> [Exercise goal] Copy the lines below exactly, starting with the first and finishing with the one holding "Brownm Pink Butterfly"; do not copy the pictures.

> [Provided material]
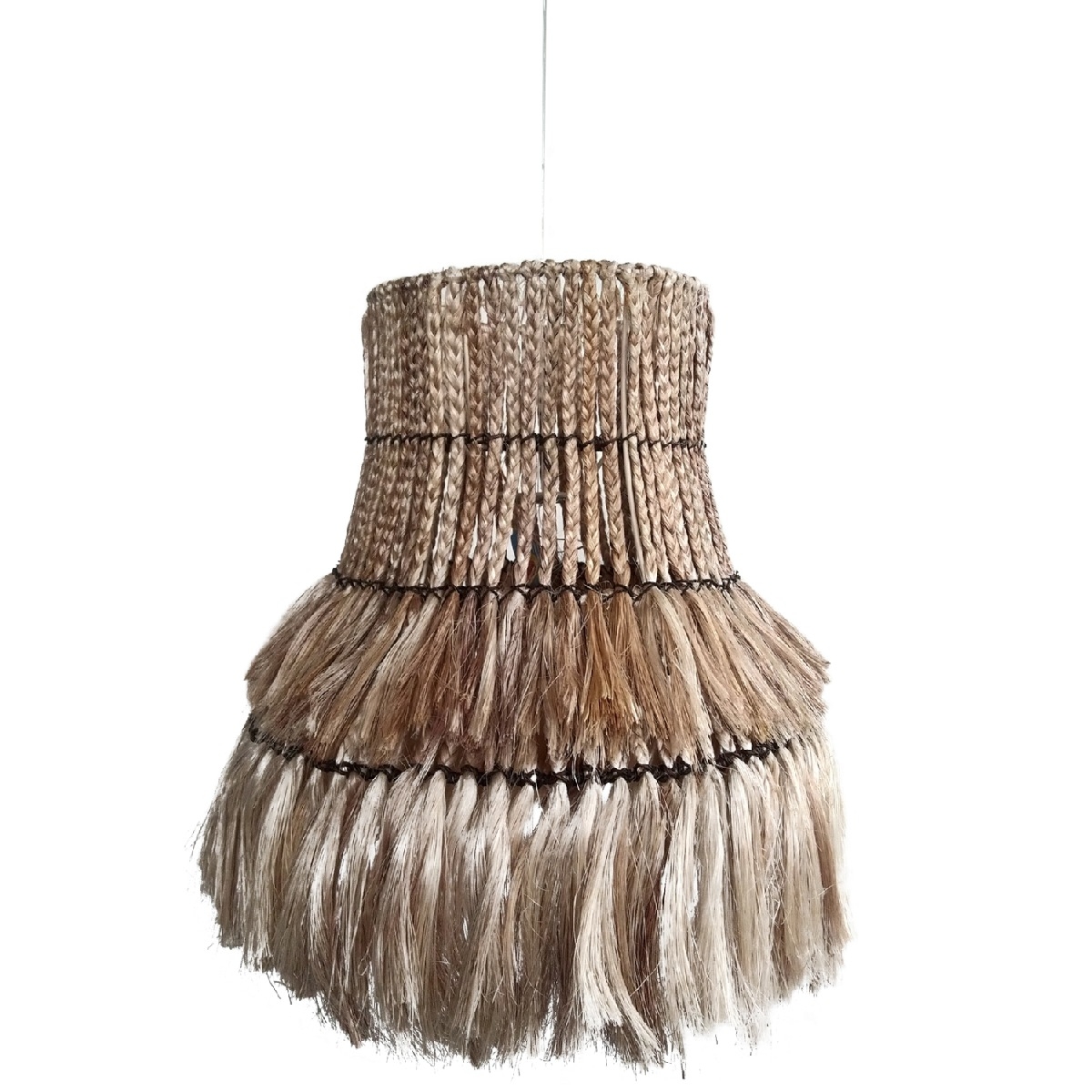 Hm7770- Kρεμαστό φωτιστικό---- Αν επιθυμείτε να διακοσμήσετε το χώρο σας με ένα φωτιστικό σε boho στυλ, αυτό είναι μια χαρακτηριστική επιλογή. Είναι ένα μονόφωτο φωτιστικό με «καπέλο» σε σχήμα bottleneck φτιαγμένο από ίνες κάνναβης Μανίλας σε φυσικό χρώμα. Το ιδιαίτερο χαρακτηριστικό αυτού του φωτιστικού είναι ότι στο επάνω μέρος του καπέλου οι ίνες είναι πλεγμένες σαν σχοινί δίνοντας μια άλλη αισθητική στο φωτιστικό.<br />
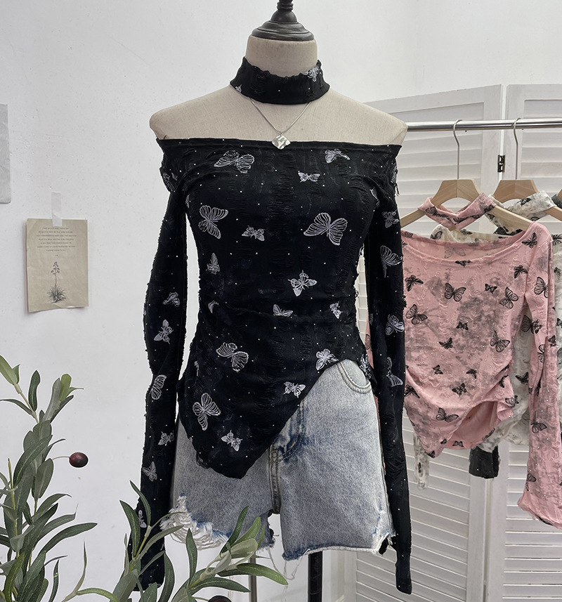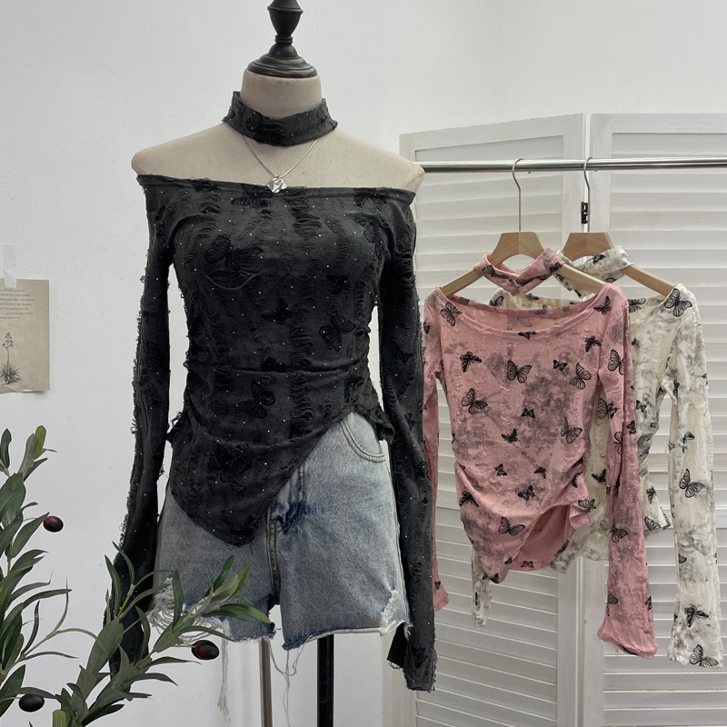 Brownm Pink Butterfly Hanging Neck To Make Old Hole Long-Sleeved T-Shirt Hottie Slanted Shoulder Slim Short Blouse 8002
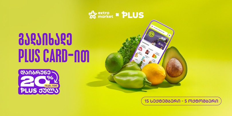 22 სექტემბრიდან 12 ოქტომბრის ჩათვლით, განსაკუთრებული შეთავაზებით ისარგებლებ: PLUS Card-ით გადახდისას 20% PLUS ქულას (მაქსიმუმ 50 ლარი) დაიბრუნებ.
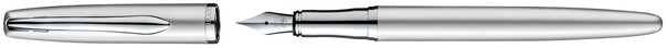 De gepolijste, roestvrijstalen penpunt is in M (medium) breedte.

> [Task solution]
 Hm7770- Kρεμαστό φωτιστικό---- Αν επιθυμείτε να διακοσμήσετε το χώρο σας με ένα φωτιστικό σε boho στυλ, αυτό είναι μια χαρακτηριστική επιλογή. Είναι ένα μονόφωτο φωτιστικό με «καπέλο» σε σχήμα bottleneck φτιαγμένο από ίνες κάνναβης Μανίλας σε φυσικό χρώμα. Το ιδιαίτερο χαρακτηριστικό αυτού του φωτιστικού είναι ότι στο επάνω μέρος του καπέλου οι ίνες είναι πλεγμένες σαν σχοινί δίνοντας μια άλλη αισθητική στο φωτιστικό.<br />
 Brownm Pink Butterfly Hanging Neck To Make Old Hole Long-Sleeved T-Shirt Hottie Slanted Shoulder Slim Short Blouse 8002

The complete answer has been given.